Seguindo o mesmo raciocínio de Hale e Keyser em relação aos verbos de locatum, Cançado e Godoy adotam a mesma paráfrase para verbos benefactivos: prover Y com N. Assim, para verbos benefactivos como presentear e patrocinar, a paráfrase adequada, segundo as autoras, seria: prover Y com presente/patrocínio. A representação semântica proposta pelas autoras para os verbos benefactivos é, portanto, a mesma dos verbos de locatum:

(50) [[X ACT] CAUSE [Y BECOME [WITH <THING>]]]

Segundo as autoras, o que difere verbos de locatum de verbos benefactivos é a raiz, que denota o que é dado e atribui a Y um papel de beneficiário.

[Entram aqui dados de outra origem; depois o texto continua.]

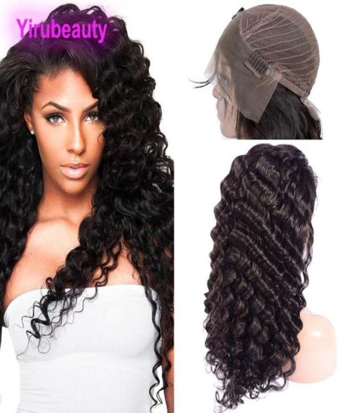 brazilian virgin hair lace front wigs deep wave pre plucked natural hairline 1030inch human hair baby hairs remy curly6767657, Black;brown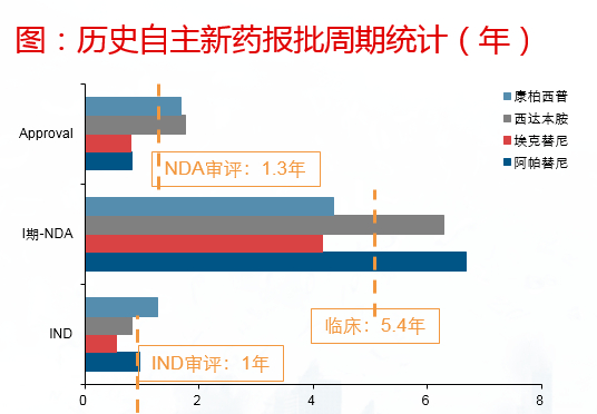把报批周期分拆来看,历史上获批的这些自主新药:1)审评阶段,包括IND和NDA审评,平均耗时约为2.3年左右;2)临床阶段,平均耗时约为5.4年左右。随着2016-2017年药审提速:1)审评阶段,有望压缩到1.3年左右(IND审评60个工作日,NDA优先审评1年左右);2)临床阶段,有望压缩到4年左右(过去新药临床往往需要按照I期、II-III期分开申请批准,现在为I-III期大临床批件)。这也就意味着,自主新药报批周期将被压缩到5年左右,报批周期大幅缩短。

Por fim, as autoras mostram que os três tipos de verbos de ação vão projetar uma mesma estrutura sintático-lexical, cuja raiz é um N(ome). Em outras palavras, Cançado e Godoy mostram que as raízes ontológicas PLACE e THING são mapeadas em uma estrutura sintático-lexical de Hale e Keyser cuja raiz é N(ome). Essa semelhança de mapeamento explica, segundo as autoras, duas características dos verbos de ação em geral: sua origem nominal e a não participação na alternância causativa. Portanto, a subclassificação proposta por Cançado e Godoy para verbos de ação também não

apresenta uma motivação sintática, sendo apenas a divisão entre verbos de mudança de estado e verbos de ação de relevância para a sintaxe. As autoras observam que essa sobreposição de representações semânticas em apenas determinada estrutura sintático-lexical é esperada, visto que o mapeamento entre semântica e sintaxe é de natureza “muitos para um”, ou seja, há mais categorias semânticas/ ontológicas do que categorias sintáticas para codificá-las.

2.2.3.3 Conclusões

Rappaport Hovav e Levin (2010) propõem uma distinção entre verbos que lexicalizam maneira e verbos que lexicalizam resultado que se mostra relevante para a alternância causativa. Essa distinção explica de forma mais natural a participação na alternância causativa do que a proposta de Ciríaco e Cançado (2009), que propõem que um verbo deve ser compatível com um desencadeador indireto para poder participar da alternância causativa. Com a análise de Rappaport Hovav e Levin, essa explicação se segue mais naturalmente: verbos que não participam da alternância, como carregar e levar, parecem ser verbos que especificam a maneira como a ação é realizada, estando associados, portanto, a raízes de maneira, que modificam o predicado ACT. Como eventos não podem ser argumentos de ACT, então esses verbos não alternam. Em outras palavras, fica demonstrado, com a análise de Rappaport-Hovav e Levin que apenas verbos de mudança de estado alternam, possuindo uma raiz associada à categoria ontológica STATE e ao predicado primitivo BECOME. Cançado e Godoy (2009, 2010), incorporando a distinção entre verbos de maneira e verbos de resultado de Rappaport Hovav e Levin (2010), refinam as classes semânticas dos verbos cujas raízes codificam resultado para o PB, contribuindo para a descrição do léxico verbal do PB e também para esta pesquisa em particular, principalmente porque muitas classes de verbos analisadas nesta pesquisa seguem a divisão proposta pelas autoras. Ainda, ao adotarem a representação da opcionalidade de ACT para verbos causativos/agetivos de Cançado (2010), Cançado e Godoy avançam em relação a Rappaport-Hovav e Levin na

descrição dos verbos causativos. Esse refinamento permite a codificação, na representação de um esquema de evento, da distinção entre agente e causa.